Current-voltage (I-V) characteristics of CH3NH3PbI3 perovskite solar cells are studied using a time-dependent current response with stepwise sweeping of the bias voltage. Compared with the crystalline Si solar cell showing time-independent current at a given bias voltage, the perovskite solar cells exhibit time-dependent current response. The current increases with time and becomes steady at forward scan from short-circuit to open-circuit, whereas it is decayed and saturated with time at reverse scan from open-circuit to short-circuit. Time-dependent current response eventually leads to I-V hysteresis depending on the scan direction and the scan rate.

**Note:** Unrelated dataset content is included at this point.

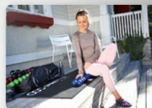
Multiples possibilités d'utilisation

Crystal size of CH3NH3PbI3 and the mesoporous TiO2 (mp-TiO2) film are found to influence I-V hysteresis, where the I-V hysteresis is alleviated as crystal size increases and in the presence of mp-TiO2. The capacitance observed at low frequency (0.1 to 1 Hz), associated with dipole polarization, tends to diminish as size of perovskite and mp-TiO2 layer thickness increases, which suggests that the origin of hysteresis correlates to the capacitive characteristic of CH3NH3PbI3 and the degree of hysteresis depends strongly on perovskite crystal size and mesoporous TiO2 layer.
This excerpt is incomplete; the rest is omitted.